At the heart of organization theory is a desire to further our understanding of the social and cognitive phenomena driving organizational behavior. Research pertaining to this end has been conducted under the rubric of social network analysis, organizational cognition, and sociocognition. Such studies examine not only the underlying structures and processes, but also seek to develop a theory of the interplay between the social and cognitive dimensions. This has led to investigations of individual cognition of social structure, cognitive models at the supra-individual level, models of cognitive relations within social groups, and the correlation between cognition and social structure within a group. The use of graphical structures, including graphs, directed graphs, and networks, to model social and cognitive structures is widespread, and many researchers find themselves ultimately faced with the problem of analyzing collections of multiple graphs. This has resulted in a variety of disparate approaches, each tailored to a specific type of analysis. The contribution of the present paper is the development of a comprehensive modeling paradigm and accompanying methodology based on the concept of the metagraph, a graph which itself is composed of graphs. This model is capable of supporting a large number of analyses of social and cognitive structure, including comparing individual models, generating consensus models, modeling group cognitive structure, and correlating social structure with cognitive

362

CHOPRA AND WALLACE

structure. Furthermore, we provide an illustrative example and discuss how the model can be applied to the analysis of social and cognitive structures in organizations. The remainder of the paper is organized as follows. The second section presents the context for the present work. It discusses prior research in studies of social and cognitive structures in organizations, the use of graphs to model such structures, and the means by which the present work emerged out of prior research. The third section presents the metagraph model and methodology, while the fourth section contains an example illustrating the methodology. The fifth section discusses potential applications of the model to the study of social and cognitive structures. Finally, the conclusion provides a brief summary of the research.

2.

Background

In this section we review prior research on social structure and cognition in organizations, including consensus social structures, supra-individual cognitive models, modeling cognitive relations within a group, and linking cognitive structure with social structure. We then discuss the foundations of the present work and the fundamental premises on which it is based. Conventional social network models rely on data that is gathered by interviewing each member of the network about the ties in which he or she participates (Wasserman and Faust, 1994). An alternative is to model cognitive social structures (Krackhardt, 1987) that capture each member’s perception of the entire network. Thus one obtains a set of networks that may aggregated into a consensus model using a simple threshold rule.

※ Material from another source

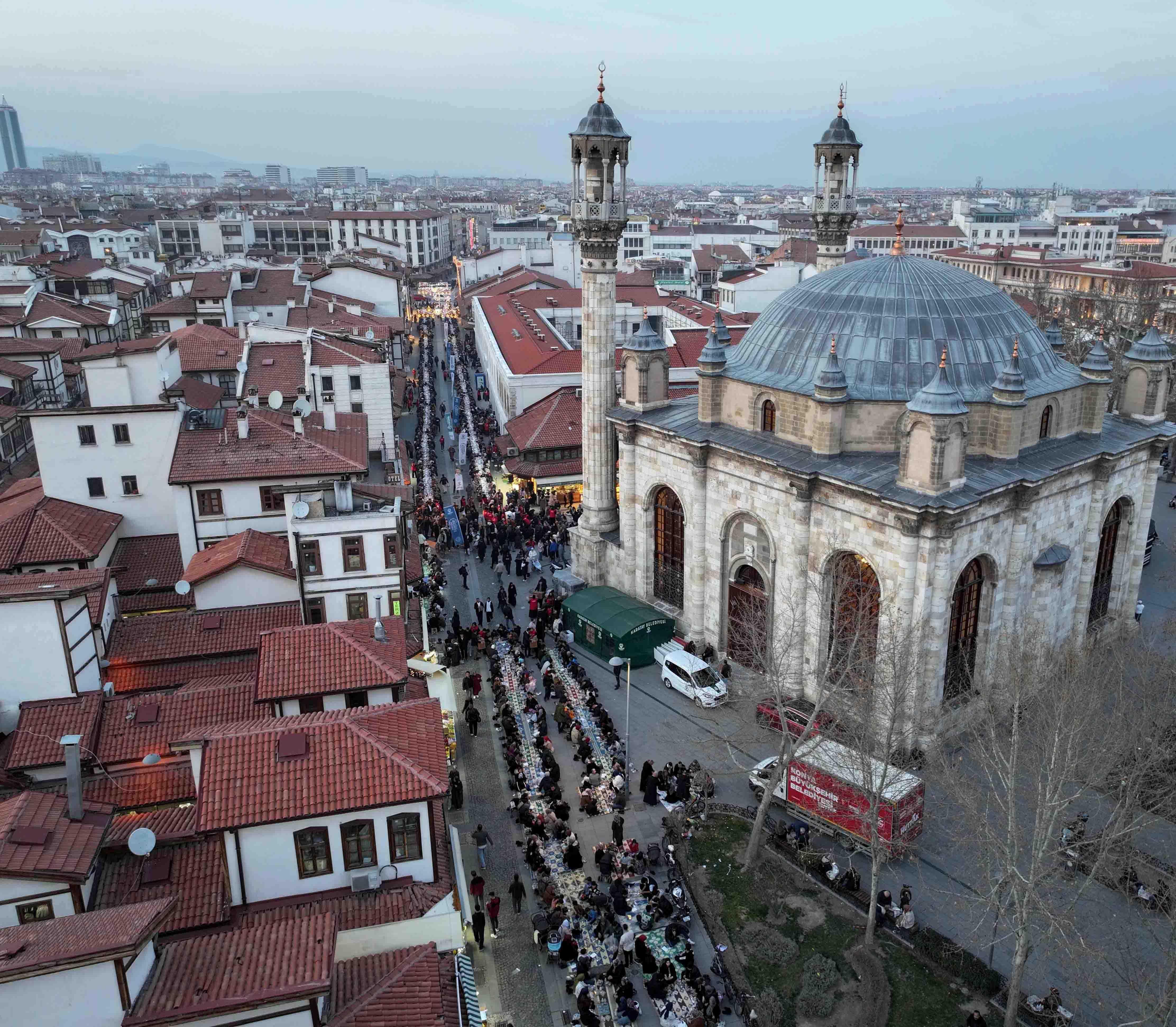 Karatay Belediyesi tarafından organize edilen programda binlerce kişi, Aziziye Camii önü ve çevresinde bir araya geldi. Sokak ortalarına kurulan masalarda 7'den 70'e her yaştan kişinin katıldığı iftar yemeği sonrası, çocuklar içinde Hacivat-Karagöz ve Nasreddin Hoca gibi geleneksel karakterlerin gösterisi yapıldı. İftara katılanlarla selamlaşan Karatay Belediye Başkanı Hasan Kılca, iftar programlarında aşın ve muhabbetin paylaşıldığını, ramazan ayının heyecan ve coşkusunu tüm Karataylılarla birlikte yaşadıklarını kaydetti. İftar programının ardından Yediler Mahallesi’ne geçen Karatay Belediye Başkanı Hasan Kılca, Hacı Mustafa Faydasıçok Camii’nde kılınan teravih ve Kadir Gecesi namazı sonrası mahalle sakinleriyle bir araya geldi.Teravih namazının ardından vatandaşlarla sohbet eden Kılca mahalle sakinlerinin talep ve görüşlerini dinledi. (DHA)FOTOĞRAFLI

Alternatively, one can construct a consensus model by developing an appropriate probability distribution and obtaining estimates of the model parameters (Banks and Carley, 1994; Batchelder et al., 1997). Researchers in organization theory have frequently recognized the importance of cognitive models that extend beyond the individual, at the group, team, or organizational level (Walsh, 1995). Such models have been referred to by various names, including shared mental models (Kraiger and Wenzel, 1997) and collective cognitive maps (Axelrod, 1976). They have been linked to team performance (Carley, 1997; Kraiger and Wenzel, 1997), group decision making (Massey and Wallace, 1996; Rush and Wallace, 1997) and organizational learning (Lee et al., 1992). Analyses of shared cognitive models have focused on two areas: methods for comparing the models of individuals, and methods for constructing a shared model from a collection of individual models (Kraiger and Wenzel, 1997). Map comparisons have made use of similarity indices on the content (Carley, 1986; Dunn and Ginsberg, 1986) and structure (Dunn and Ginsberg, 1986; Zajonc and Worlfe, 1966) of two models, and of distance functions defined on the set of possible models (Carley, 1997; Langfield-Smith and Wirth, 1992; Rush and Wallace, 1997). Construction of a shared model is generally conducted by combining or aggregating individual models through various means, such as the intersection (Carley, 1986), union (Lee et al., 1992), arithmetic mean (Bougon et al., 1977; Ford and Hegarty, 1984), or central parameter of a probability distribution (Carley, 1997; Rush and Wallace, 1997).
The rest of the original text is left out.